I believe in Southern Horror ©. I know what you’re all thinking: “Gumbo voodoo zombie reincarnate dripping with deep fried sin and rank with bloody (or is it saucy?) nectar of a fresh shrimp massacre of a feast?” My dear audience, you mustn’t let a moniker such as this confound you. There exists in the film industry a specific sub-genre of professedly underappreciated gore/content flicks which I have come to label as Southern Horror. However, to obtain its seat in the intricate, seasoned theatre that is Southern Horror, its is necessary for the film to meet the following criteria: 1.) It must either have been shot in the southern United States or provide an all-consuming feeling that it should be, would be, or could be present there. 2.) It must be relevant to any type of musical component such as rock/opera, metal, or jazz. 3.) The movie, without exception, must house gore, the radical kind. If a movie can pledge itself to these three requirements, then feel free to officially enter it into your memory as Southern Horror. Take note though, that while movies like “Wolf Creek” are acceptable in this grouping, surprise selections such as “Session 9″ and “Repo!” are also admissible. Now that you have a partial understanding as to what Southern Horror is, I can begin to explain to you why it means so much to me and why I hold a belief of such magnitude in Southern Horror™ and its creators.
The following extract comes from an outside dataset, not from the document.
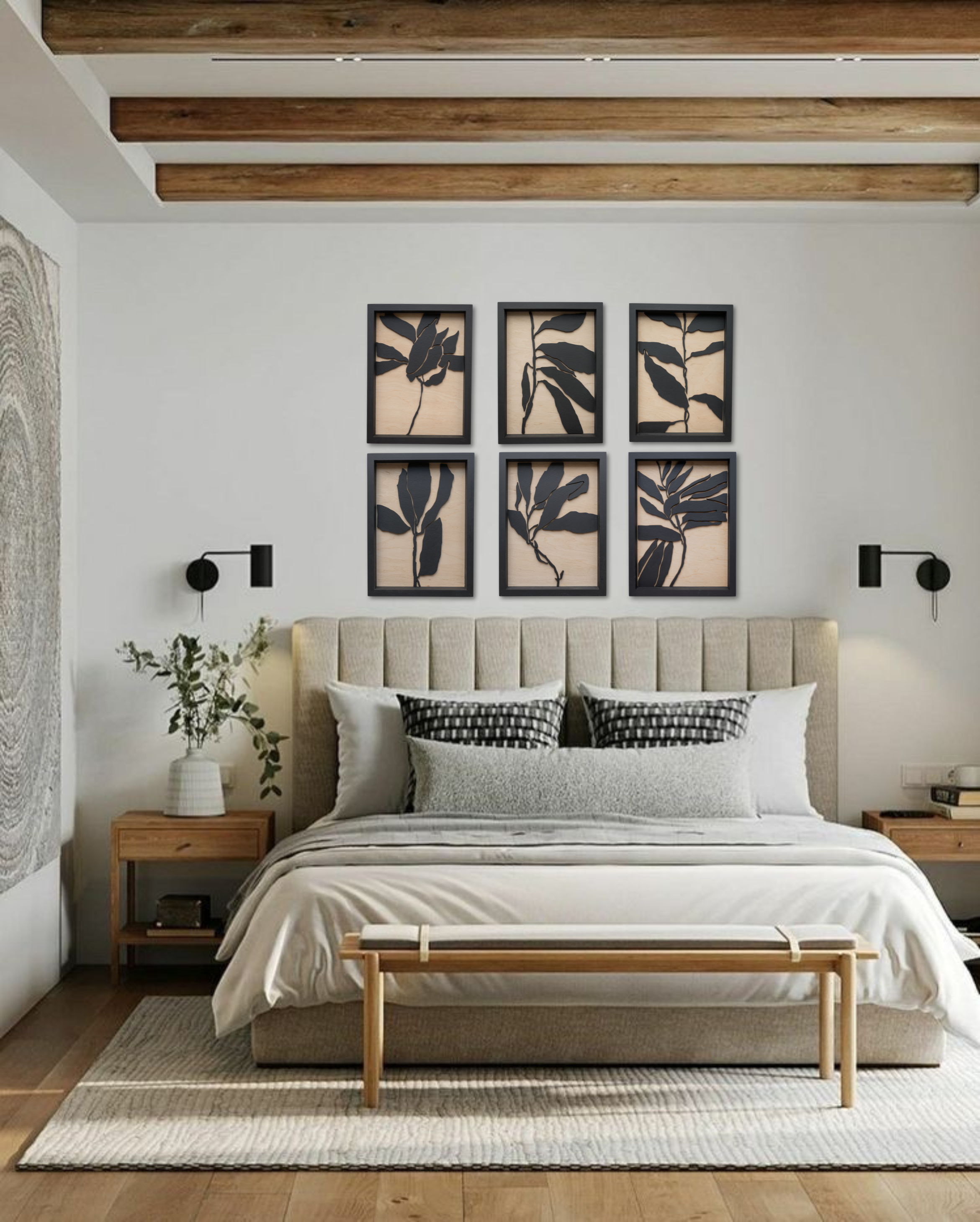 - Color: natural plywood background with acrylic black matte-painted leafes (customizable upon request)
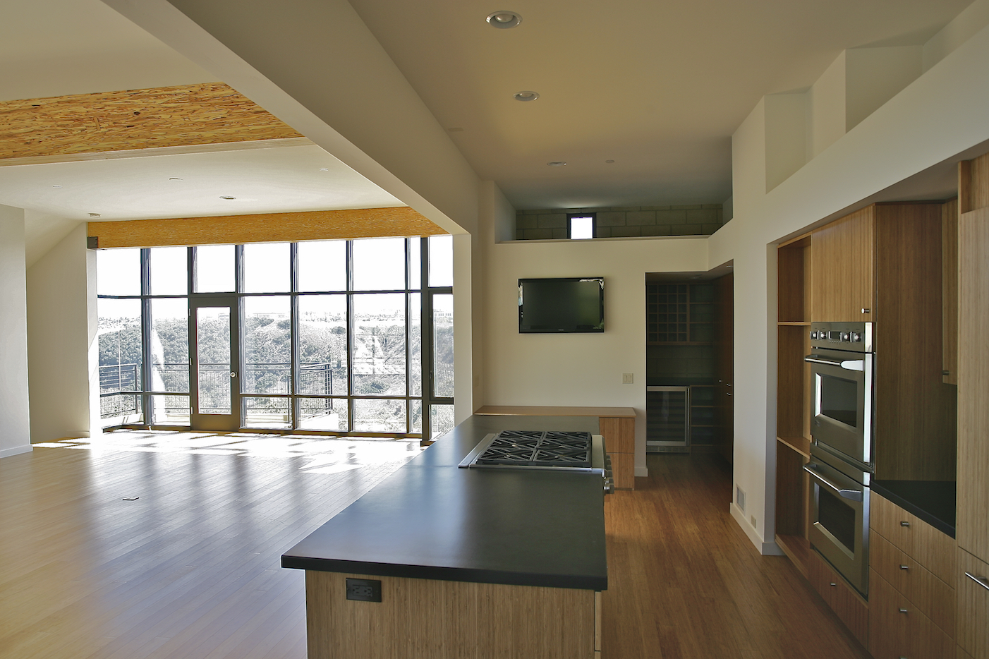 The first production house was built twice on the downhill side as part of the "tree filter" component of the plan. Simple and flexible in floor plan, a vaulted roof bonds the main space with the canyon below. Glazing is biased to the south sun and view. Moveable shoji screens and optional bookcase walls make a variety of living arrangements possible.

The first film I can recall viewing was Dan Curtis’ “Trilogy of Terror”, keep in mind in all likelihood I had barely reached the age of three. If you’d like to cut my parents some slack we’ll say four. Regardless, the trilogy was put simply a maelstrom of screams, injuries, and possessed dolls that grossed reviews in which it was graced a comparison to “Child’s Play” and “The Twilight Zone”. An endless chain of horror flicks soon ensued, and although the majority of the movies I was exposed to when young do not fit the mold I have carved for Southern Horror, they paved a steadfast highway of sorts for me, linking me like an interstate into all the sub-genres that the thriller, suspense, and horror categories had in store for me. Without this early exposure, my ability to form, recognize, and define Southern Horror may not have come to me.
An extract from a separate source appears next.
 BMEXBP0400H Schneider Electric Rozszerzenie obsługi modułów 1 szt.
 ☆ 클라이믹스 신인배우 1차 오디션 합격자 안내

When I am obliged enough to receive the fortune of screening a film akin to “House of 1,000 Corpses”, or any of the Grindhouse features (all sensational testaments to the Southern Horror sub-genre) it practically launches a ballistic missile within me. At the closure of the movie my heart actually races with a macabre delight, seeing as somehow after each S.H. flick I seem to believe that I have received yet another additive for my soon-to-be-blockbuster elixir. Every single movie that can be included into this genre, and its director (I credit those such as Zombie, and the Cohens) and screenwriter (specifically Aja, or Zdunich) lead me to believe one day I will have the key ingredients to create an S.H. flick so compelling a virtual apocalypse will ensue until I am able to release another, initiating a despondent cycle of supply and demand. Viewer beware, for Southern Horror is what I believe in, and I hereby dedicate myself to its continuity.